An early critic of digital audio — he delved into digital waters for 1983′s rockabilly ode Everybody's Rockin', but by the end of that decade he'd declared we were living in the dark ages of audio — Young created Pono on the assumption other listeners were as distressed as he was by the format's brittle sound.
Neil may be onto something: within hours of its March 11 debut, Pono's Kickstarter campaign — which concludes on Tuesday, April 15 — was fully funded to the tune of $800,000. And it's continued to grow at rapid pace, reaching over $5.75 million through the support of more than 16,900 backers, which amounts to the third-most-funded Kickstarter project as of this writing.

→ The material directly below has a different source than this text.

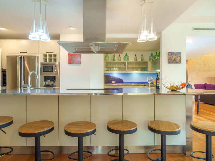 "La Forca", villa 7-kamers 500 m2 op 2 verdiepingen. Het objekt is geschikt voor 10 volwassenen. Ruim en licht, volledig gerenoveerd, doelmatig en mooi ingericht: groot woon-/eetkamer met eettafel, Sat-TV, Digitale TV, Flatscreen TV, air-conditioning en heteluchtverwarming. Uitgang naar de zitplaats in de tuin, naar het zwembad. 1 groot 2-pers. kamer met Kleedkamer met 2 bedden (90 cm, lengte 200 cm), wastafel, bad/douche/WC, air-conditioning en heteluchtverwarming. Uitgang naar de zitplaats in de tuin, naar het zwembad. 1 groot 2-pers. kamer met panoramavenster met 2 bedden (90 cm, lengte 200 cm), air-conditioning en heteluchtverwarming. Uitgang naar de zitplaats in de tuin, naar het zwembad. Woonkeuken (oven, afwasmachine, 3 keramische glas kookplaten, broodrooster, waterkoker, magnetron, diepvriezer, elektrische koffiemachine, kookeiland). Douche/WC, aparte WC. Bovenverdieping: 2 groot 2-pers. kamers, elke kamer heeft 2 bedden (90 cm, lengte 200 cm), wastafel, douche/WC, Digitale TV, Flatscreen TV, air-conditioning en heteluchtverwarming. 1 2-pers. kamer met 2 bedden (90 cm, lengte 200 cm), Digitale TV, Flatscreen TV, air-conditioning en heteluchtverwarming. Groot balkon, ruime zithoek in de tuin, prieel. Terrasmeubelen, balkonmeubilair, barbecue, ligstoelen, loggia. Panoramazicht op het landschap en de plaats. Ter beschikking: wasmachine, droger, strijkijzer, kinderstoel, kinderbed tot 2 jaar, haardroger. Internet (WiFi, gratis). Parkeerplaats bij het huis. Rookvrij huis. Het zwembad genoemd in de beschrijving is voor privé gebruik. ETV/11103 // Reg. Nr.: ESFCTU00000701100079486100000000000000000000ETV/111030

"We made a low estimate," Young conceded to Radio.com during a phone interview last week. "But we are very gratified by the results and by the interest and the support and pledges behind us on Kickstarter. It's great to have the people recognizing what it is we're doing and why we're doing it. There's a lot of people out there that understand this."
Understanding "this" isn't necessarily so easy, as Pono isn't merely a digital music player. To hear Young tell it, either in person or during his hour-plus presentation at SXSW, Pono is a crusade, an opportunity to restore majesty to music, to place music back at the center of a listener's life. Consequently, whenever Young talks about Pono, he's not simply raising awareness of his Kickstarter campaign. He's on a mission: He first needs to explain to listeners accustomed to hearing music through earbuds that they're missing out on a whole world of aural treasures; then he has to sell Pono as the solution to a problem they didn't realize they had.